Veronica smiled weakly at Foulkes and moved past him, heading towards Newbury and the body.

She almost baulked at what she saw. There was blood
everywhere
. Everywhere she looked: sprayed up the staircase, spattered and pooling on the floor, even dripping—drip by ponderous drip—from the glass chandelier high above them. Jewels lay scattered all around the body, in all manner of colours, shapes, and sizes; tiny flecks of beauty in the midst of utter, devastating violence.

The corpse itself—or what was left of it—was splayed out upon the tiled floor facedown, its head and right arm thrown up onto the bottom stair. And there was a hole right through the middle of it, a ragged-edged void where the spider thing had chewed through the meat and bone and cartilage, burrowing through the man’s chest and bursting out through his back. Ribbons of shredded intestine hung like pink drapes from around the edges of the hole.

Newbury knelt beside the body, cradling the man’s head in his hands. The face was covered in a series of ferocious gouges, and the hair was matted with dark arterial blood.

She heard Bainbridge beside her, but couldn’t look away from the obscenity before her, couldn’t tear her eyes away from the sheer horror of what she was seeing.

“My god!” Bainbridge exclaimed.
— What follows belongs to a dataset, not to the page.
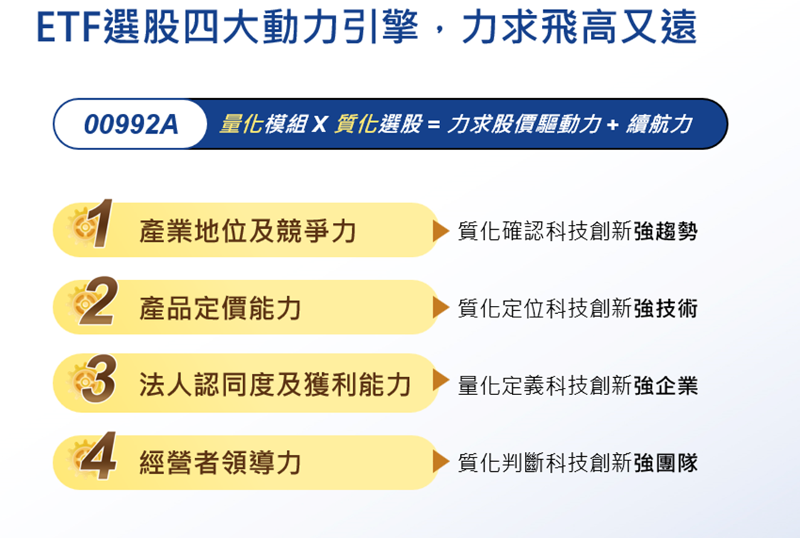 群益00992A四大質量化並重選股策略,篩選台股科技創新強趨勢股
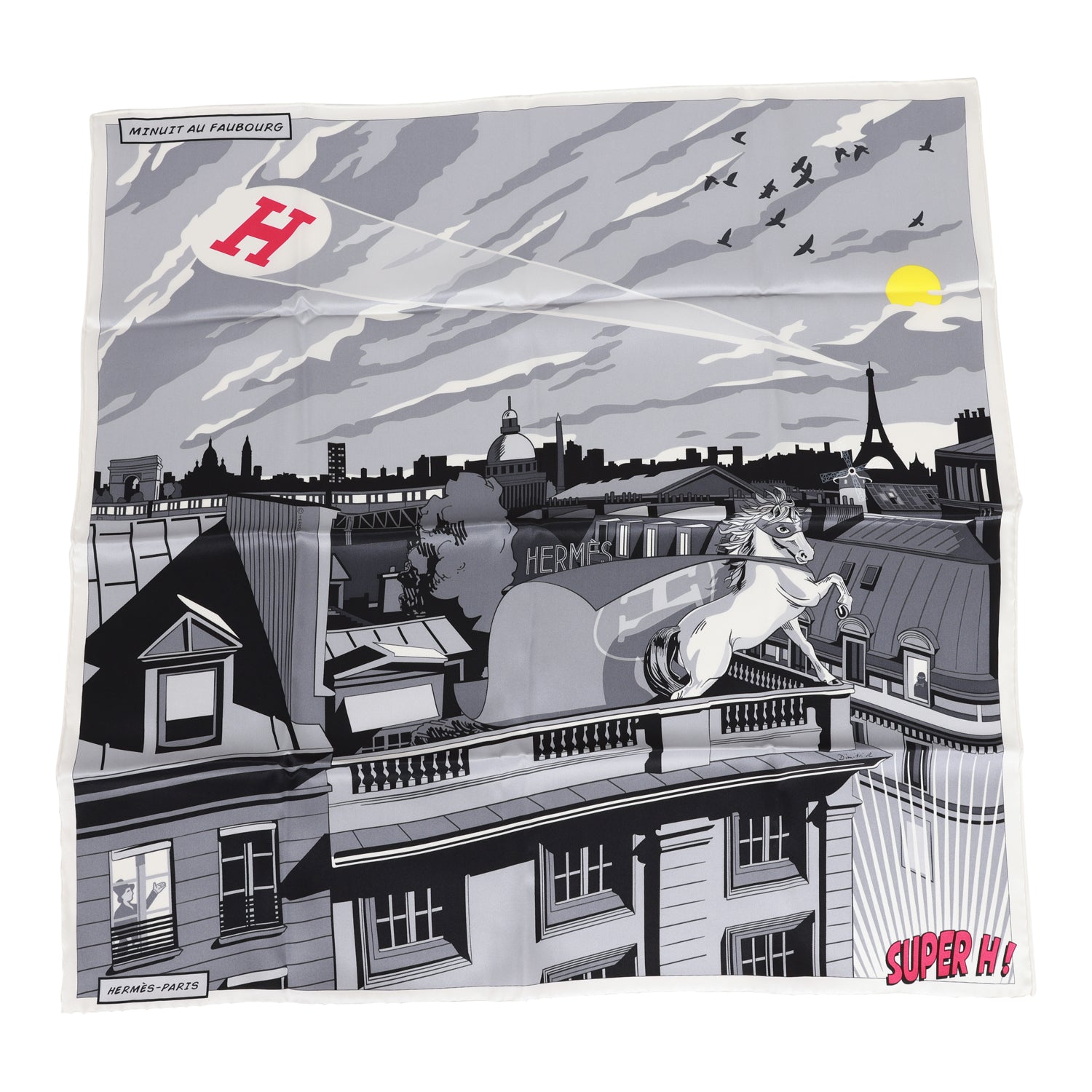 This rare graphic scarf is designed in a comic book style and features a large horse as the hero on top of the Hermes flagship store in Paris, and famous Parisian landmarks along the night sky in the background.

She surmised he was experiencing a very similar response to her own.

“There’s more,” Newbury said, shifting the body around so they could see.

“What? What is it?” Veronica just wanted to get out of there, to get outside and away from the stink and the blood. She had no time for games.

Newbury pulled a handkerchief from his breast pocket and used it to smear the blood away from around the dead man’s face. “There. Do you see it now?”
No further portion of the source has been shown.